REA Group, which owns Mortgage Choice and Smartline broker networks, has reported a 3% drop in its third-quarter revenue to $269 million, due to the challenging macroeconomic environment in Australia, which posted a 6% decline in revenue year-on-year. 

For the nine months ended March 31, the ASX-listed group’s revenue lifted 2% year-on-year to $887million, but EBITDA was down 5%.

“While interest rate uncertainty continued to impact the Australian market, conditions have improved with the stabilisation of house prices and more vendors returning to the market,” said Owen Wilson (pictured above), REA Group CEO. “The movement in listings reflects the strong listings environment in Q3 last year prior to the commencement of the interest rate increases.”

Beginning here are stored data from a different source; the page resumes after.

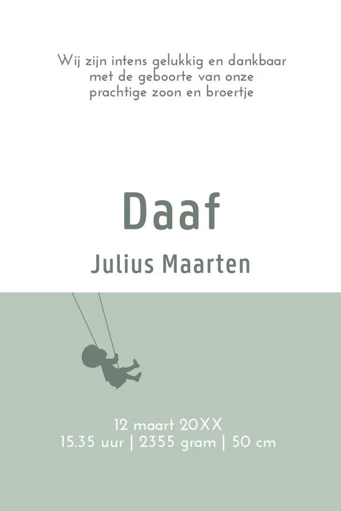 Trendy geboortekaart met silhouet van jongetje op een hobbelpaard. Hip kaartje om zelf aan te passen.
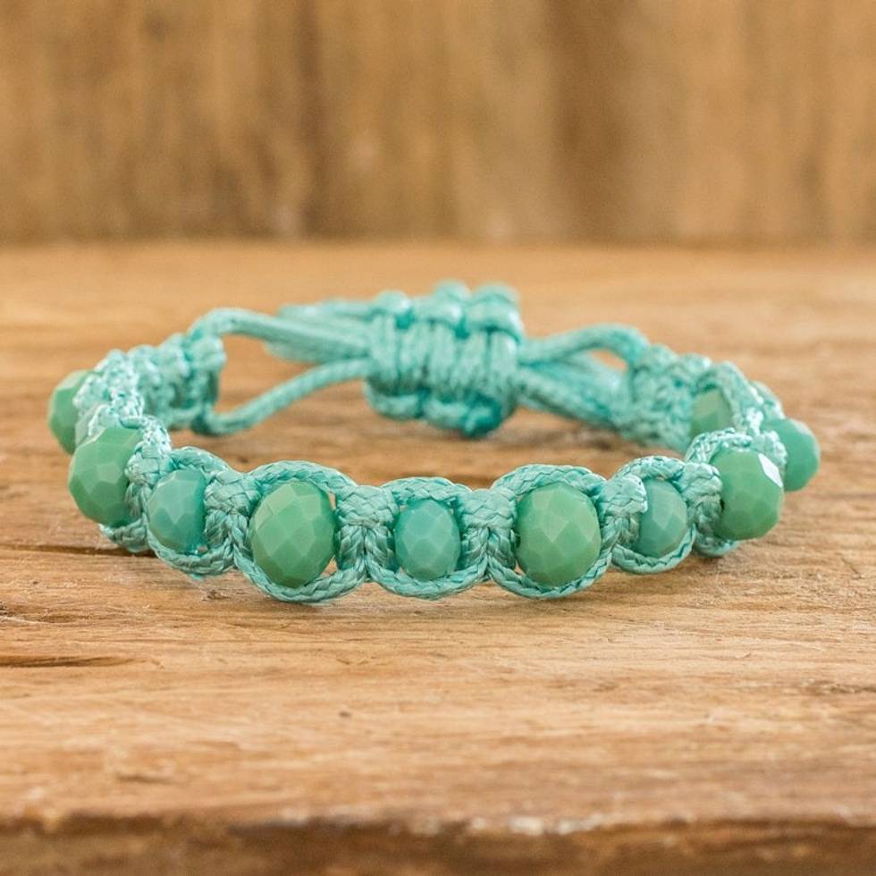 Macrame Hand-Knotted Bracelet with Crystal Beads 'Boho Sea Crystals' Item ID: 2671772189
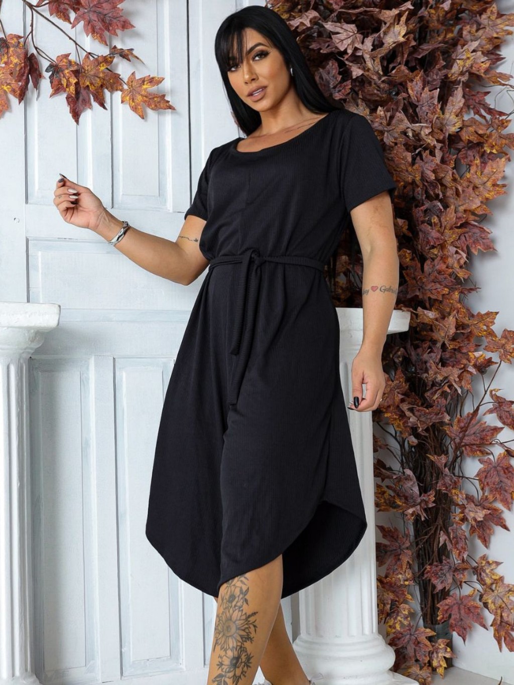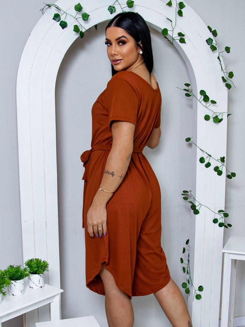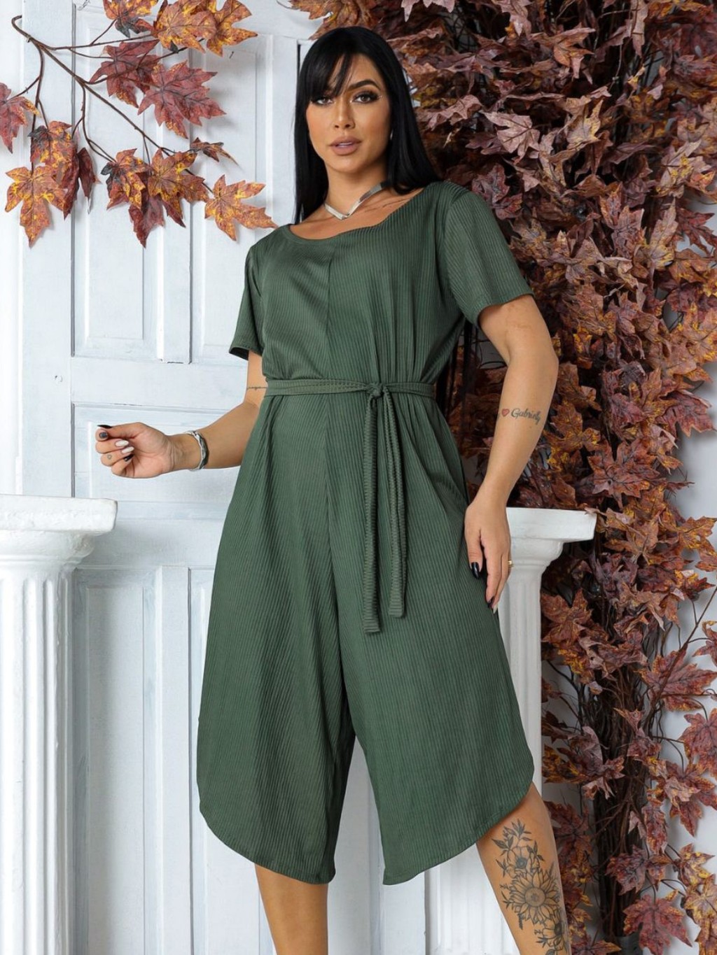 Macacão Feminino Pantacourt Midi Básico com Cinto de Amarração Moda Verão
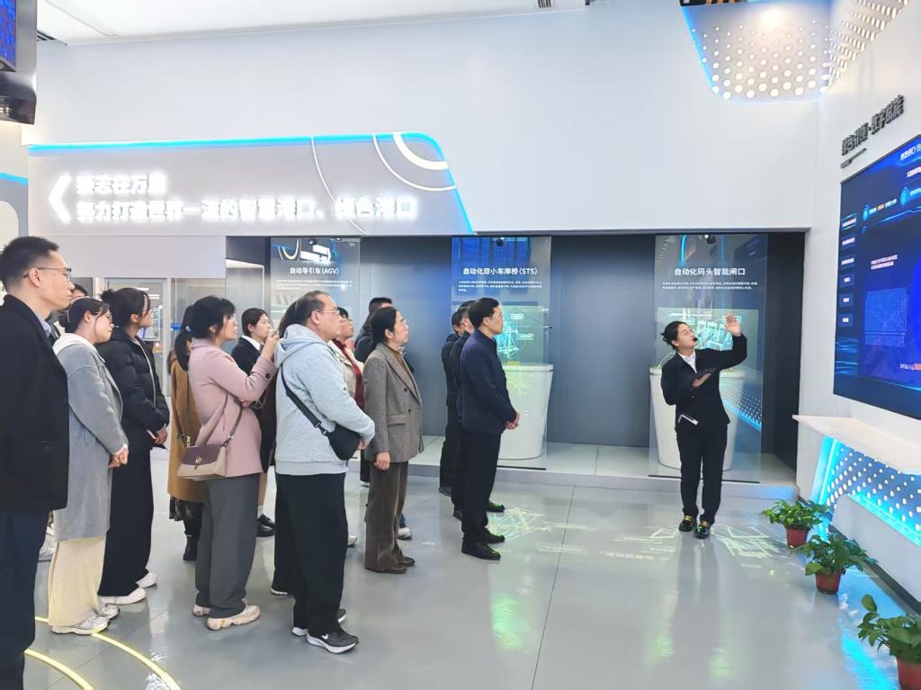 师生代表首先走进全国爱国主义教育基地、时代楷模“连钢创新团队”展馆。展馆内,通过实物陈列、图片展览和视频资料等多种形式,系统呈现了“连钢创新团队”从零起步、攻坚克难,攻克全自动化码头核心技术“卡脖子”难题的奋斗历程。从自主研发自动化控制系统,到打破国外技术垄断、建成全球领先的全自动化集装箱码头,团队“敢为人先、追求卓越”的创新精神与“为国争光、勇担使命”的爱国情怀,让在场师生深刻理解了“时代楷模”精神的内涵和价值。参观过程中,江斌结合码头实际运营案例,深入浅出地讲解了无人控制等新技术如何与港口作业深度融合。从无人集卡的智能调度、自动化桥吊的精准装卸,到一体化物流监控系统,新质生产力不仅推动码头作业效率大幅提升,更实现了能耗降低、碳排放减少的绿色发展目标,打造出全球智慧港口的 “中国标杆”。
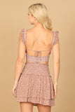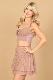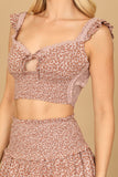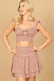 Elevate your summer wardrobe with our Floral Ruffle Front Cut-Out Shirring Top & Skirt Set. The delicate floral design and ruffle details add a touch of femininity, while the cut-out shirring top and skirt provide a flattering silhouette. Perfect for any occasion, this set is a must-have for every fashion-forward individual.

A 12% decline in Australian listings impacted the company’s performance last quarter, following a strong period of listings. Sydney and Melbourne were hit the hardest, falling 20% and 18%, respectively.

The group’s platform continued to be Australia’s number-one property site, visited by 11.9 million people each month, representing 59% of Australia’s adult population.

“Our strong audience metrics deliver unrivalled value for our customers and demonstrate the underlying strength of the property market,” Wilson said. “The launch of our realEstimate campaign, powered by PropTrack data, significantly increased active property owner tracks helping consumers understand their property value.”

REA Group’s Australian residential business revenues fell for the quarter, thanks to the 6% rise in the average national price, contribution from Premiere+, and increased depth penetration. This was more than offset, however, by the 12% drop in national listings and a significant negative impact from geographical mix. Rent revenue, meanwhile, was up year over year, with a 5% price rise and increased depth penetration partly offset by a 1% fall in rental listings.

Also seeing a decline over the quarter were Australian financial services revenues, as a result of reduced market activity in new home lending and lower average loan sizes, partly offset by growth in refinance activity.

Recruitment momentum continued, with 1,047 brokers at the end of third quarter, and the integration of Mortgage Choice is now largely complete.